Beginning with the line containing "- Three-Piece Family" and going on through the line containing "3月31日,广州市白云区教育", the lines below are to be returned exactly, pictures excluded and nothing added.

SOURCE MATERIAL:
-*-*-
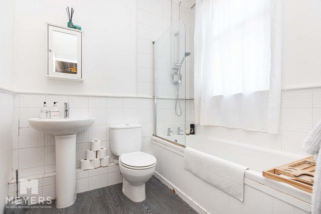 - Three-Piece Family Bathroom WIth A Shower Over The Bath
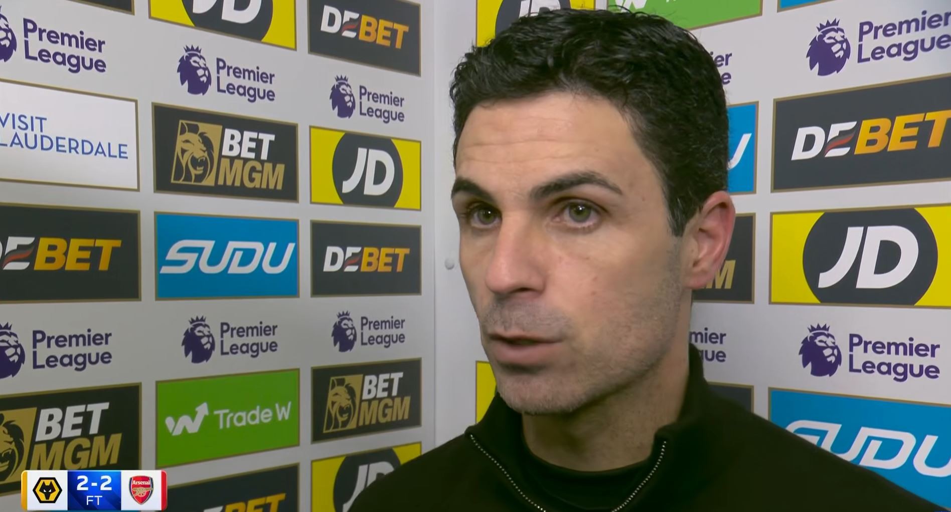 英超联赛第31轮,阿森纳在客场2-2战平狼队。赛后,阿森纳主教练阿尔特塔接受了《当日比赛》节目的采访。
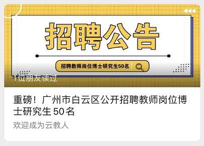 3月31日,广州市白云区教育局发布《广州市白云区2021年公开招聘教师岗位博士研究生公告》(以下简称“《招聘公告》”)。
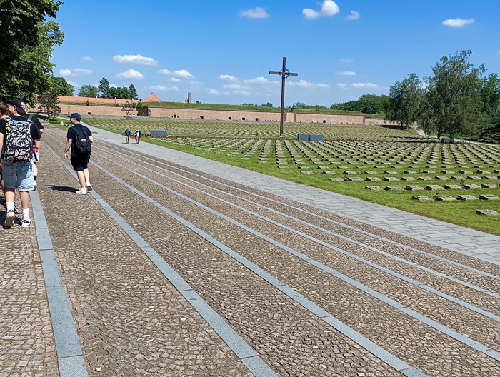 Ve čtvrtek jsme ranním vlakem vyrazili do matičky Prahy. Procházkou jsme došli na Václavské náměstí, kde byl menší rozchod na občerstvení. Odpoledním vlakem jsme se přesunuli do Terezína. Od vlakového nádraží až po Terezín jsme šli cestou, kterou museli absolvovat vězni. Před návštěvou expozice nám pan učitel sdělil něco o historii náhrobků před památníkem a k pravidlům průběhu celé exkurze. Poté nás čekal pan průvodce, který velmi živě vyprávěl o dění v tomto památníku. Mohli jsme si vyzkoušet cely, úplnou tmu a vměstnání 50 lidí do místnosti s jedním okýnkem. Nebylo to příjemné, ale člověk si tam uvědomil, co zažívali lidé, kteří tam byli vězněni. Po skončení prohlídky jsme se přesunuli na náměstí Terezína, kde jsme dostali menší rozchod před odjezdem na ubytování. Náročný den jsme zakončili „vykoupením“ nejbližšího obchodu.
-*-*-
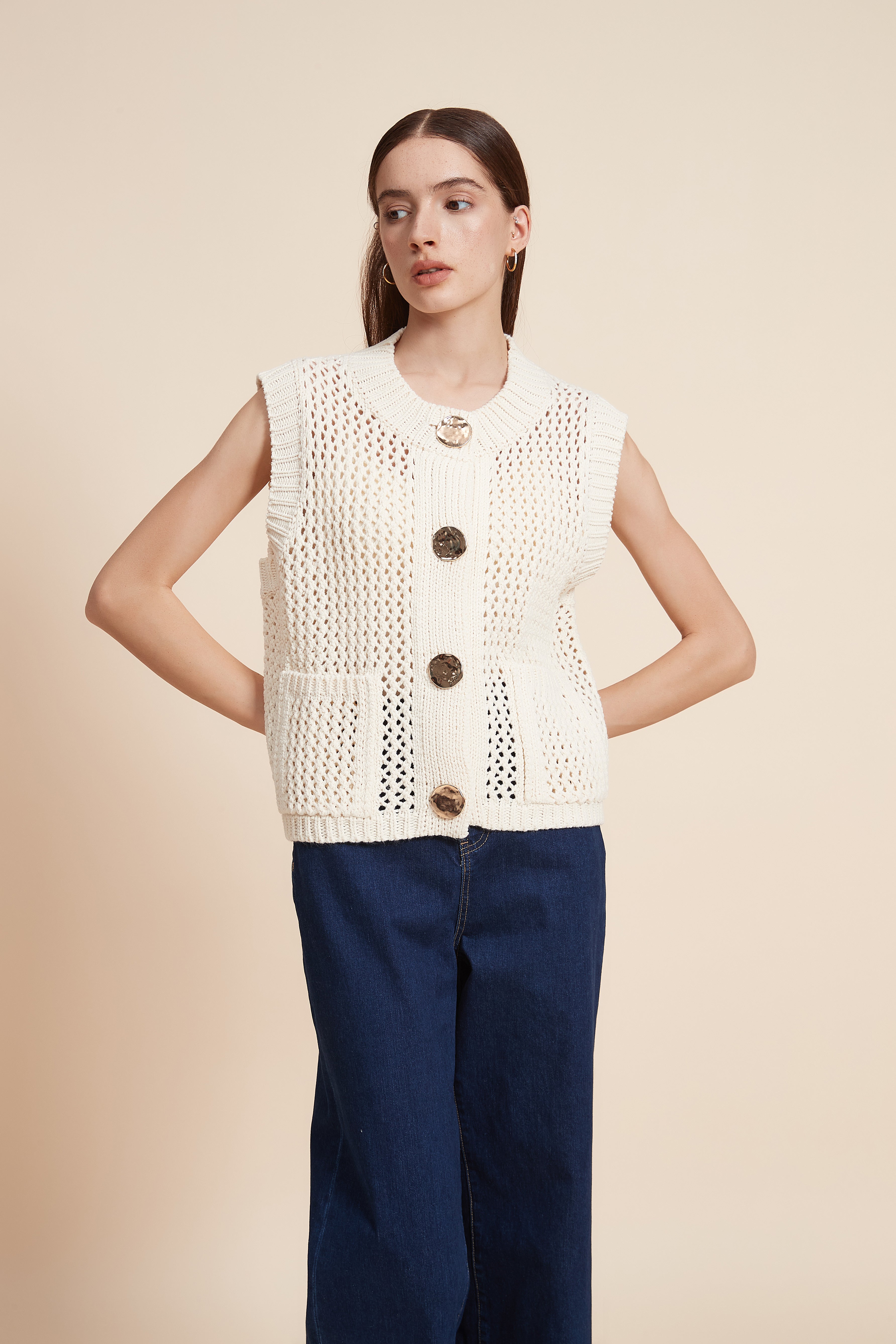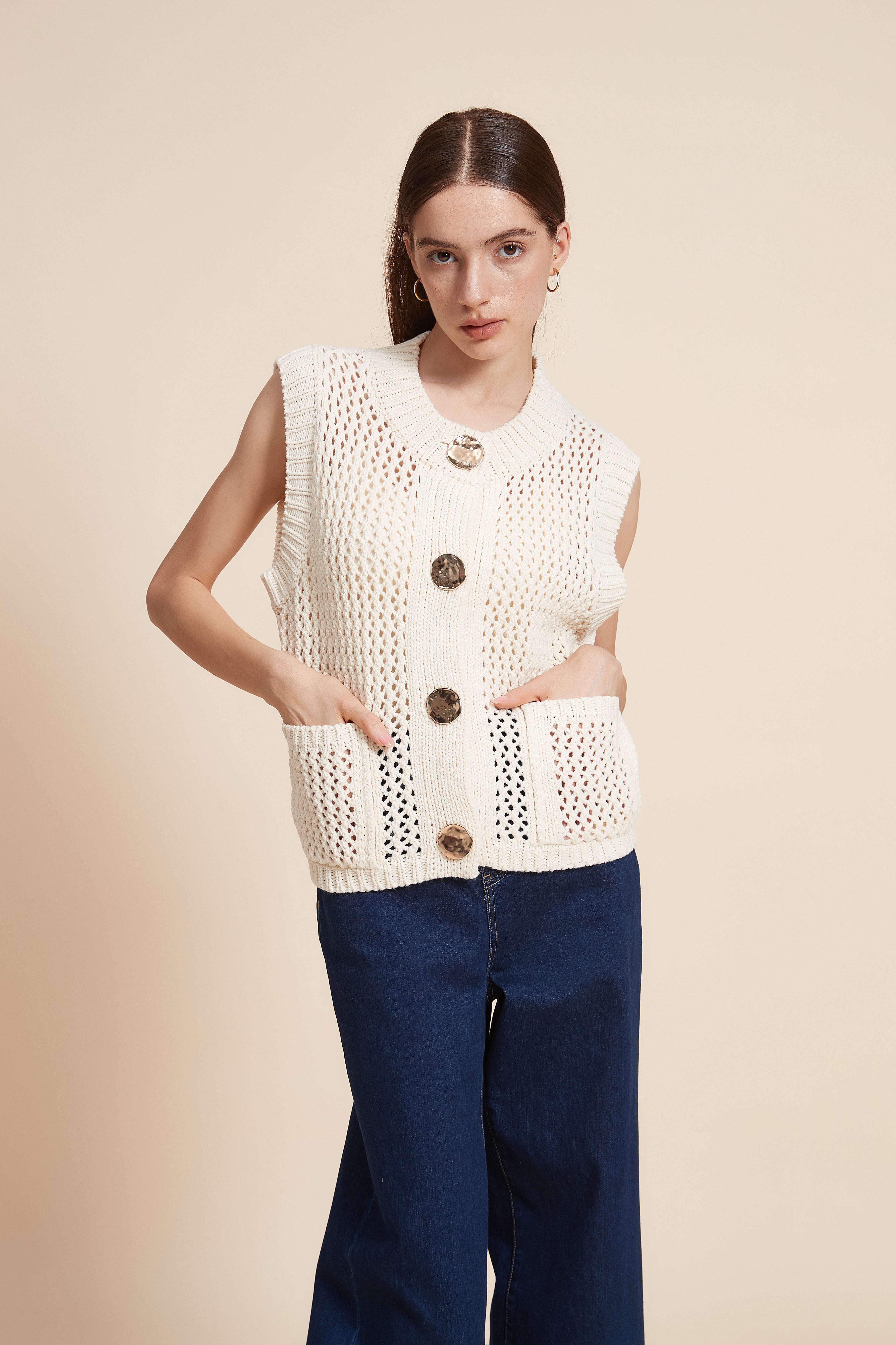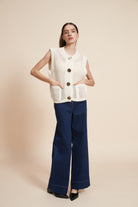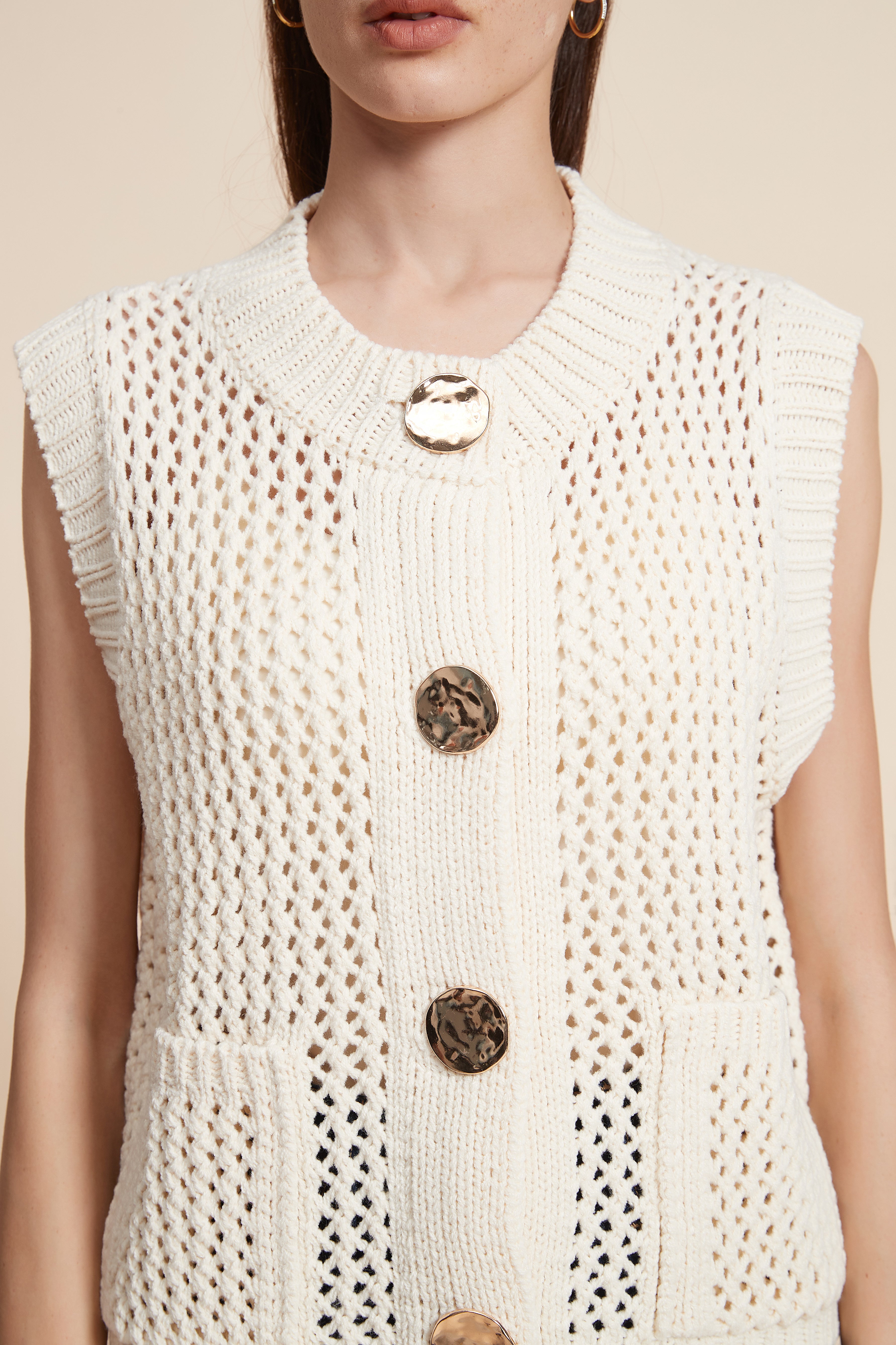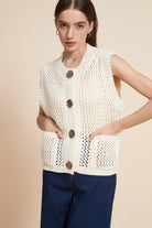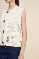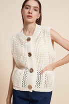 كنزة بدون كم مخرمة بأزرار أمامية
-*-*-
OUTPUT FOR THIS TASK:
 - Three-Piece Family Bathroom WIth A Shower Over The Bath
 英超联赛第31轮,阿森纳在客场2-2战平狼队。赛后,阿森纳主教练阿尔特塔接受了《当日比赛》节目的采访。
 3月31日,广州市白云区教育局发布《广州市白云区2021年公开招聘教师岗位博士研究生公告》(以下简称“《招聘公告》”)。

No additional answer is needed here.